2.2. Close the client

Once all the database operations are performed, the client can be closed by invoking the close() operation. This will close the corresponding connection pool if it is not shared by any other database clients.

# Closes the SQL client and shuts down the connection pool.
#
# + return - Possible error when closing the client
public isolated function close() returns Error?;

3. Queries and values

3.1. `ParameterizedQuery` and values

The sql:ParameterizedQuery is used to construct the SQL query to be executed by the client. It is backtick string template which allows dynamic values for query parameters.
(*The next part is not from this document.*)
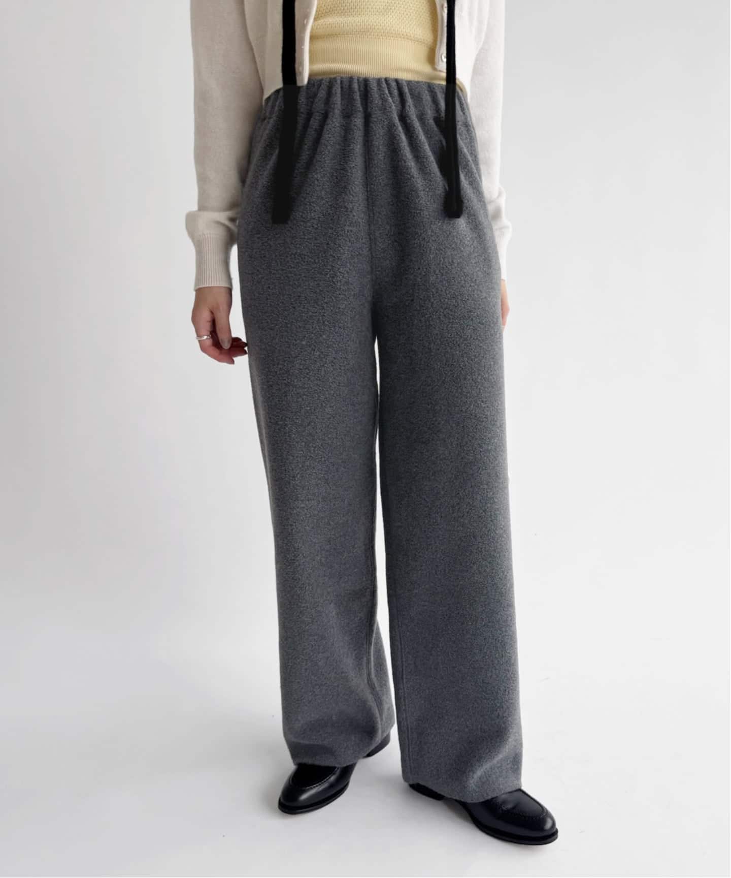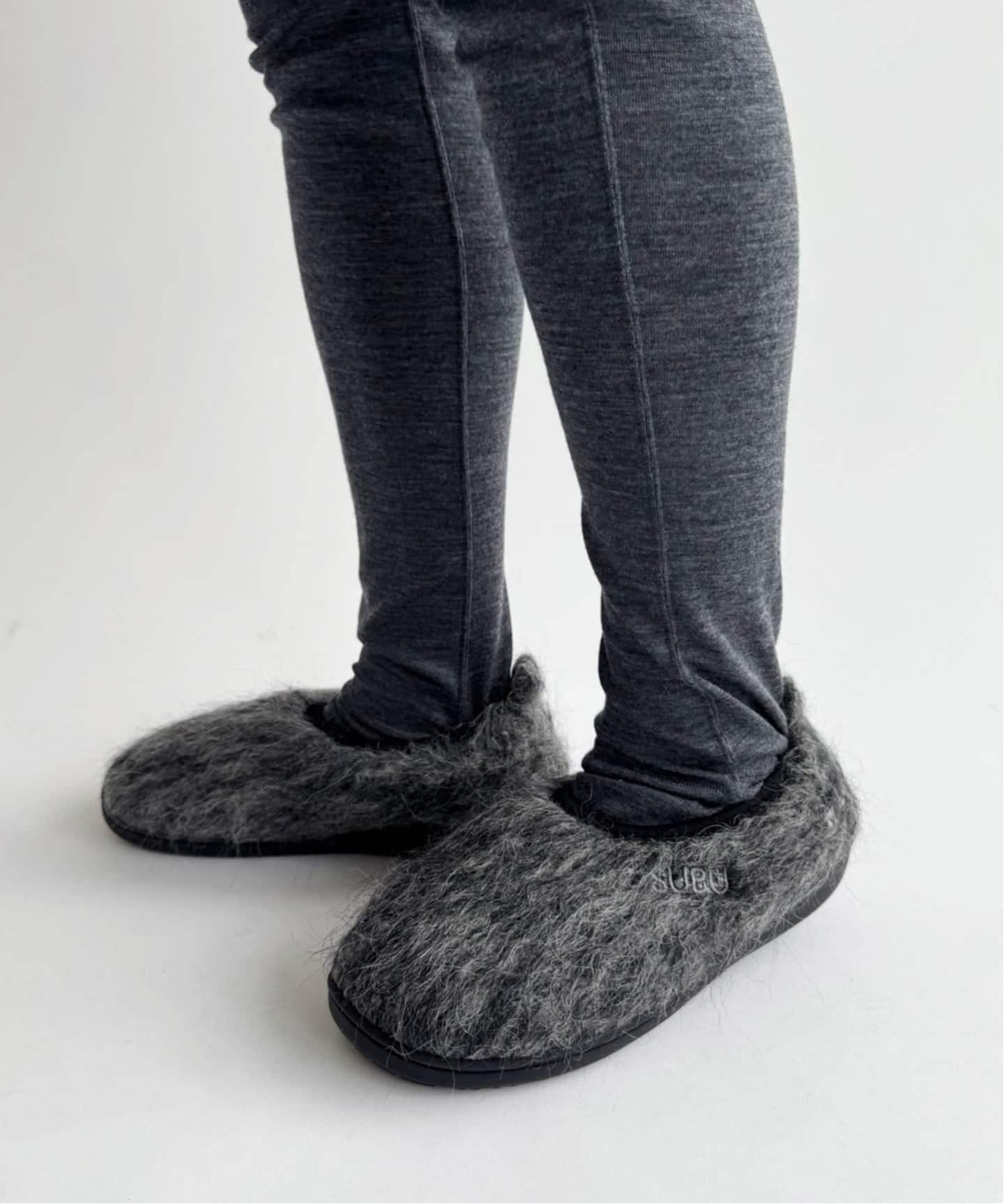モヘアのような上品な質感のウール生地を使用した、柔らかいグレーの色合いが、冬の足元に静かな存在感を漂わせます。

Query with constant values

sql:ParameterizedQuery query = `SELECT * FROM students WHERE id < 10 AND age > 12`;

Query with dynamic values

int[] ids = [10, 50];
int age = 12;
sql:ParameterizedQuery query = `SELECT * FROM students WHERE id < ${ids[0]} AND age > ${age}`;

All primitive Ballerina types are supported for parameter values in sql:ParameterizedQuery. Following mapping is used to map ballerina types to SQL types,

Ballerina type	SQL type
String	VARCHAR
int	INTEGER
boolean	BOOLEAN
float	REAL
decimal	DECIMAL
byte[]	BINARY
xml	SQLXML
record {}	STRUCT
Array	ARRAY

In addition to the above time module constructs are used to represent SQL Time data types.
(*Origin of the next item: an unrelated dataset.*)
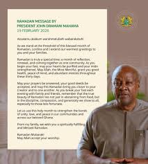 President John Dramani Mahama has extended warm greetings to all Muslims across the country as the month of Ramadan begins, according to a statement on Friday.

`time` constructs	SQL type
time:Date	DATE
time:TimeOfDay	TIME
time:Civil	DATETIME
time:Utc	TIMESTAMP

Furthermore, typed values are used to map values to a specific SQL data type such as BIGINT,

BigIntValue value = new(1000000000000);
sql:ParameterizedQuery query = `SELECT * FROM students WHERE id < ${value}`;

List of typed values:

VarcharValue
NVarcharValue
CharValue
NCharValue
TextValue
ClobValue
NClobValue
SmallIntValue
IntegerValue
BigIntValue
NumericValue
DecimalValue
RealValue
FloatValue
DoubleValue
BitValue
BooleanValue
BinaryValue
VarBinaryValue
BlobValue
DateValue
TimeValue
DateTimeValue
TimestampValue
RefValue
StructValue
RowValue

3.2. `ParameterizedCallQuery` and parameters

The sql:ParameterizedCallQuery is used to construct the SQL CALL Statement to be executed by the client. It is backtick string template which allows dynamic values for query parameters. In addition to Values supported by sql:ParameterizedQuery, sql:ParameterizedCallQuery supports following SQL Parameters,

InOutParameter
Typed OutParameters

These types can be used to retrieve values from SQL stored procedures using the get() method.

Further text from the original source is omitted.